The lifetime and storage capacity of batteries can be greatly affected by the way in which they  
are used. Discharging a battery excessively or under-charging or over-charging a battery can  
ruin it. A battery monitor can help you monitor and adjust your battery usage to extend a  
battery’s lifetime to the maximum possible. In addition, a battery monitor can help you to  
determine the amount of energy stored in your batteries in order to plan energy usage and  
charge cycles, and can help you to monitor the health of your batteries to determine when they  
need to be replaced.  
4.2 Batteries  
A battery stores electrical energy in the form of chemical energy. Batteries are not 100%  
efficient. Not all electrical energy put into the battery during charging is stored in the battery as  
chemical energy, and not all chemical energy stored in the battery is converted to electrical  
energy during discharge.  
4.3 Battery Capacity  
The capacity of a battery is specified in Amp-hours. A battery that delivers one Ampere of  
current for one hour has delivered one Amp-hour. The capacity of a marine deep-cycle battery  
is specified based on the amount of current it can deliver to go from a fully-charged state to a  
fully-discharged state (battery voltage has dropped to 10.5 volts). For example, a battery that  
becomes fully discharged after twenty hours of delivering 5 amperes of current is rated as a (5  
amperes x 20 hours) 100 Amp-hour battery.  
The capacity of a battery is affected by the temperature of the battery. In general, for lead-acid  
batteries, the capacity of a battery increases with higher temperature. The DCM100 accounts  
for this by using the “Temperature Coefficient” parameter.. This parameter is expressed in  
units of percentage per degree Celsius. For example, a Battery Capacity Temperature  
Coefficient value of 0.5 %/°C means that, if the Charge Efficiency Factor were 80 Amp-Hours  
at 25°C, then at 26°C, the CEF would increase to 80.4 Amp-Hours.  
4.4 Battery Types  
Almost all batteries used in marine applications are of the Lead-Acid type. There are three  
main types of Lead-Acid batteries, depending on the form of the electrolyte. When the  
electrolyte is stored in liquid form, the batteries are called “Flooded”, “Wet”, or sometimes,  
simply “Lead-Acid”. When the electrolyte is stored in a gel form, the batteries are called “Gel”  

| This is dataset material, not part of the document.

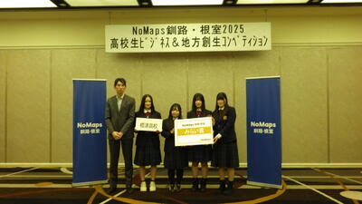 12月18日(木)釧路プリンスホテルで行われた「NoMaps釧路・根室2025 高校生ビジネス&地方創生コンペティション」に3年生4名が出場し、”みらい賞”を受賞しました!

batteries. When the electrolyte is stored absorbed into fiberglass mats, the batteries are called  
“AGM”, or “Absorbent Glass Mat”, batteries. These batteries have different properties, and the  
DCM100 can monitor all three of these battery types. When you set the “Battery Type”  
parameter, the DCM100 sets remaining battery measurement parameters to values which are  
representative of the selected battery type (see Section 2.5.4.1 on page 6 for details).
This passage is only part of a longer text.